The garden has been teaming with Goldfinches over the last few months, with the good numbers of young suggesting it has been a successful breeding season for these delightful little birds. Initially, the young Goldfinches could be told from their parents by their lack of the characteristic red and black facial markings. By now, however, they have moulted through into their adult plumage and can no longer be distinguished by eye, as I watch them on the feeders through the kitchen window.
In the hand, when caught during a ringing session, it is possible to identify juvenile Goldfinches by looking at subtle differences in the shape of the tail feathers and the colour of certain wing feathers. Such differences come about because of the way in which these birds renew their feathers during moult. In most small birds that breed and winter here, the adults undergo a complete renewal of their feathers once the breeding season is over. Some species undergo a second, ‘partial’, moult just before the start of the next breeding season. Many of our summer-visiting migrants, however, will not undergo their annual moult until they have reached their wintering grounds, although some start the moult here before interrupting it just ahead of their long journey south.
Most young birds follow a different strategy, replacing some feathers after the breeding season and growing others for the first time, but not acquiring full adult plumage until after the next breeding season is over. You can see this for yourself by looking carefully at male Blackbirds in the early summer. If you spot a male Blackbird who is all black apart from a few dark brown feathers in his wing, then he will be a bird born the previous year.

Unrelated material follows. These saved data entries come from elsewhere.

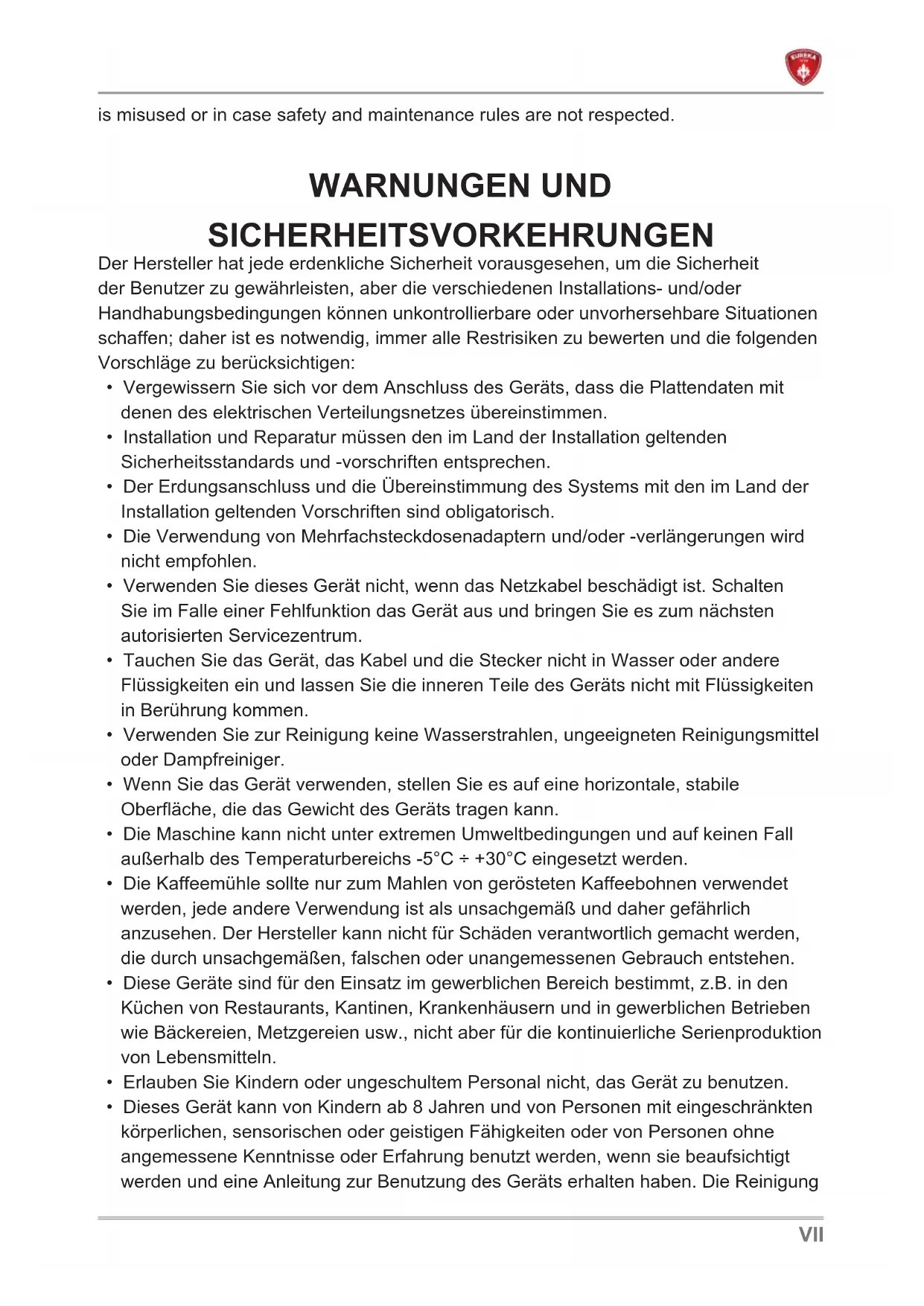 - Dieses Gerät kann von Kindern ab 8 Jahren und von Personen mit eingeschränkten körperlichen, sensorischen oder geistigen Fähigkeiten oder von Personen ohne angemessene Kenntnisse oder Erfahrung benutzt werden, wenn sie beaufsichtigt werden und eine Anleitung zur Benutzung des Geräts erhalten haben. Die ReinigungVIII darf nicht von Kindern ohne Aufsicht durchgeführt werden.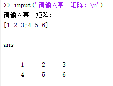 (2)输入某一矩阵:在命令行窗口中输入“ input('请输入某一矩阵:n')”,按回车键,如下图所示: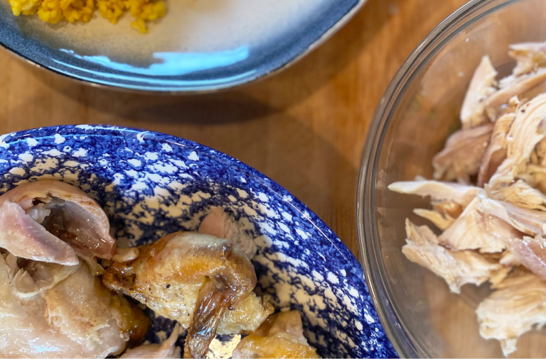 For about $8 it's an affordably delicious meal in a notoriously expensive city. After our last trip to New York and a few sidewalk dinners of chicken and rice, I wanted to make it at home. I started with the leftovers from a roasted chicken.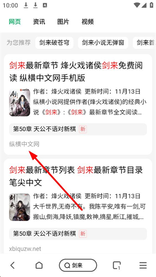 4、若要搜索特定小說,首頁搜索框輸入小說名稱,如劍來,即可看到相關搜索結果,點擊結果可進入閱讀頁面。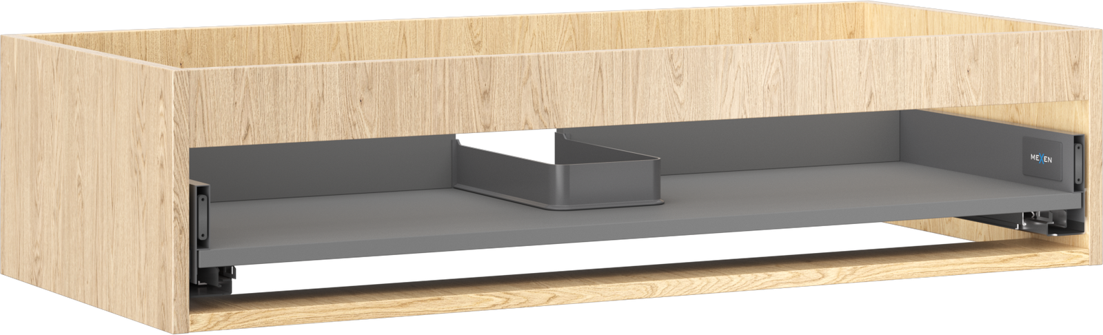 Un tiroir à sortie complète est un type de tiroir équipé d'un mécanisme permettant son extraction totale du corps du meuble. Ce mécanisme facilite l'accès au contenu du tiroir, car il n'est pas nécessaire d'atteindre les bords arrière.

Getting young birds out of the nest quickly is an important strategy because it reduces the period when they may be particularly susceptible to predation. Young birds grow rapidly in the nest and need to be able to fly when they fledge. Because of this, the young tend to invest relatively little in the growth of body feathers, concentrating their efforts instead on the all-important flight feathers. As a result, newly-fledged young often look rather fluffy and ‘loose feathered’, but they will soon grow the remaining feathers, often acquiring adult body plumage over a period of several weeks. These different moult strategies are useful for me, as a ringer, since they enable me to age most birds with relative ease. There are, however, some species where the young moult through into full adult plumage soon after leaving the nest – House Sparrow and Long-tailed Tit are two examples – and these birds cannot be aged once they have gone through the autumn moult.